I see that the American Public Power Association (APPA) included a link to this post in their client workroom e-mail today. It's for APPA members only but it's a national mailing list. I think that's a big deal. Congrats, Mr. Berman.

I have been avidly following your posts for some time. I am in agreement with your premises and conclusions...

Exhibit 5 does not make any sense to me.... how does this convey that the number of wells have increased by 100% over the past year? I also cannot reconcile any of the numbers in the text with those on the graph (e.g. cululmative production)

Is it possible that the graph is not for the Barnett??


how does this convey that the number of wells have increased by 100% over the past year?

could you pull that piece of text and paste it in a comment down here? My old eyes can't find it skimming back through the article?

yours is the first comment on the accuracy of the graphs so I'd like to follow it.


Its embedded in the yellow box in the figure...

And for the record, I am not implying Art is being disingenuous... but I cannot make heads or tails out the numbers for the Barnett....

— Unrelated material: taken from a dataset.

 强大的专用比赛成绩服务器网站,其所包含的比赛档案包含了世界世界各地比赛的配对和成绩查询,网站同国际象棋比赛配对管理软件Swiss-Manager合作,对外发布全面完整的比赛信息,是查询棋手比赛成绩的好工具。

I had only looked at the telltale lines and not any of the yellow boxes, they were hidden in plain sight to me.

flak - I'm going to make a guess: the 110% is a typo. The chart seems to be showing an increase in well count of around 1,400 which would be more like 10%. Even at 10% I'm impressed. I don't follow the Barnett so I would have guessed fewer wells. One reason for it hanging in there is the expansive NG gathering system that has developed in the trend over there years. More than once I've not drilled a well because the added cost to run a long pipeline killed the economics.

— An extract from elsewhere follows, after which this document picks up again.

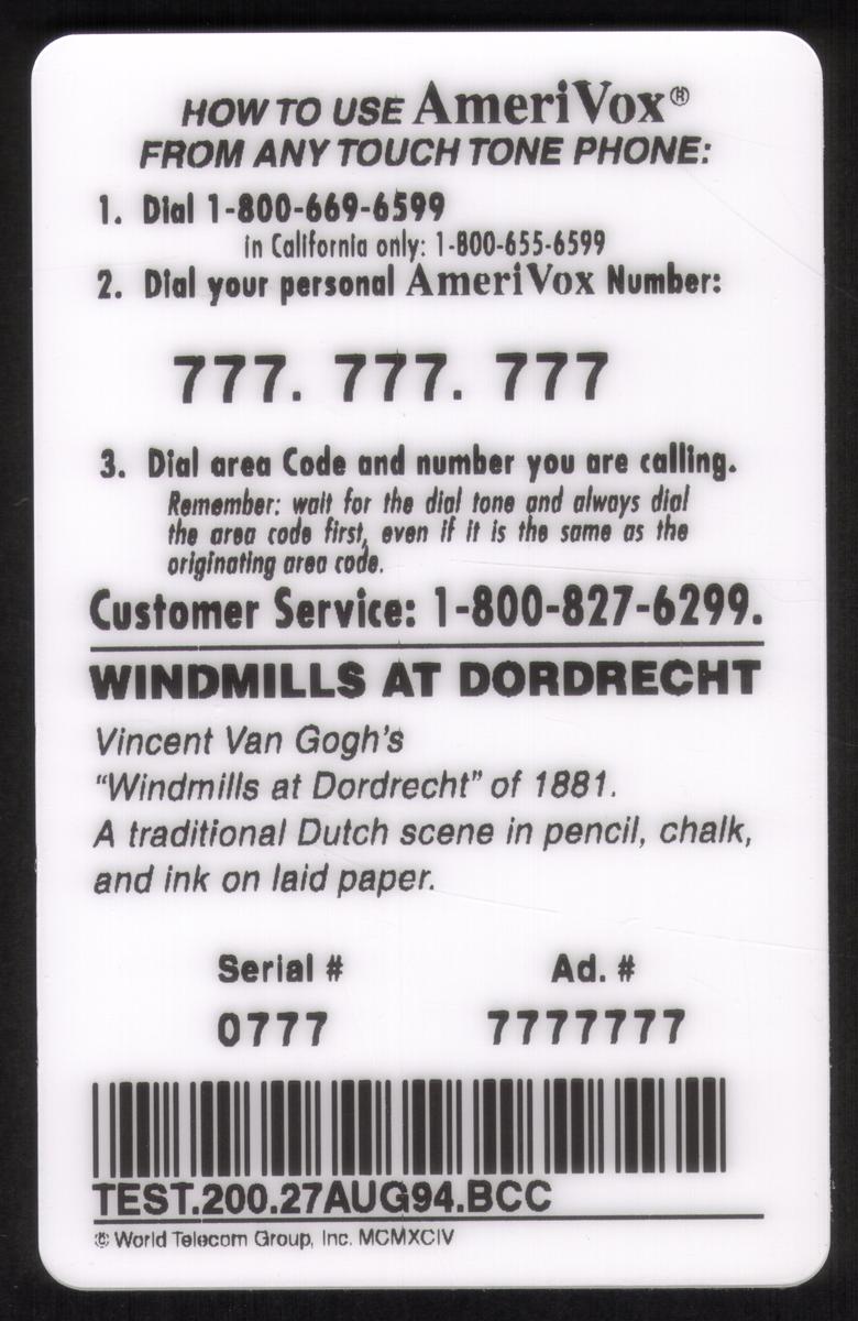 Since we have the world's largest inventory of USA phonecards for collectors, you will not necessarily receive the identical serial/batch/PIN number that we have scanned/pictured.

But as you offer it may not be the Barnett.

I also cannot reconcile other numbers having to do with production rates...

Nonetheless, 10% or 100%, it does give lie to the "Drill Baby Drill" argument...

looks like production per month on the left axis cause 5.7 * 31 is about 180.

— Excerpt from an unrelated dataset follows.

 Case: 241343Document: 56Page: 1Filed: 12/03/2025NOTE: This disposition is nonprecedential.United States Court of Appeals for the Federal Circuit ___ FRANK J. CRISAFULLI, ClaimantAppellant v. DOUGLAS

Yeah, it's an error. I'll fix the text. Not sure what happened there. Sorry.


Thanks! keep up with the great work!

According to Wikipedia, the USGS (US Geological Survey?) considers the energy in a barrel of crude oil to be equal to that in about 6,000 cu. ft. of natural gas. Is it possible, therefore, that natural gas at $2.50 per thousand cubic feet is priced at the equivalent of a barrel of crude oil at $15?

This seems very low.

Red - That 6:1 ratio is as good as any IMHO. The BTU of NG and oil varies a good bit with the exact composition. For instance one NG might have a BTU 30% higher than another.

This is the complaint some folks have when someone does a "boe" (bbl of oil equivalent) calculation. First, one can have a reserve that's predominantly NG (both volumetric and monetary) and make it look like oil reserves. For example a 100 bcf NG field with no oil in it could be referred to as 16.6 million boe field. The 100 bcf field would be worth about $280 million gross in my market but 16.6 million bo is worth about $1.8 billion. So if you wanted to equate NG to oil on a monetary level the ratio in my market it would be $108/$2.80 or 38:1.

Amazingly low, and has been trending that way for about 2 years now. GTL starting to look awful good.

Yes... but a 500,000 bpd facility would roughly consume 5% of current production (assuming I haven't screwed my math up) and what do you think would happen to the price of a mCF of NG then???

Dollars to doughnuts,the BTU arbitrage would vanish...

It requires 10 mcf to make 1 barrel of syncrude. So you use up $30 in feedstock to create $100 in product. Sounds like a possible money maker to me, to heck with how ridiculously energy wasteful it is. Works even better if it is stranded natural gas and has next to no value anyway.

The economics of it are far better than you think. It only requires about 1.5 mcf of natural gas to extract 1 barrel of bitumen and upgrade it to syncrude (including generating electricity for the plant), and the cost of NG is currently only about $2/mcf in Northern Alberta, so it actually only costs about $3 in NG to produce $100 worth of syncrude.

Under normal circumstances, if NG was priced the same as oil on an energy-equivalent basis, it would take $25 worth of NG to produce $100 worth of oil, but at this point in time the economics of producing oil sands are much better than normal because of the low price of NG and the high price of oil.


I think you're answering the wrong question - the question above was about a straight gas-to-liquids synfuels process, if I'm reading it right.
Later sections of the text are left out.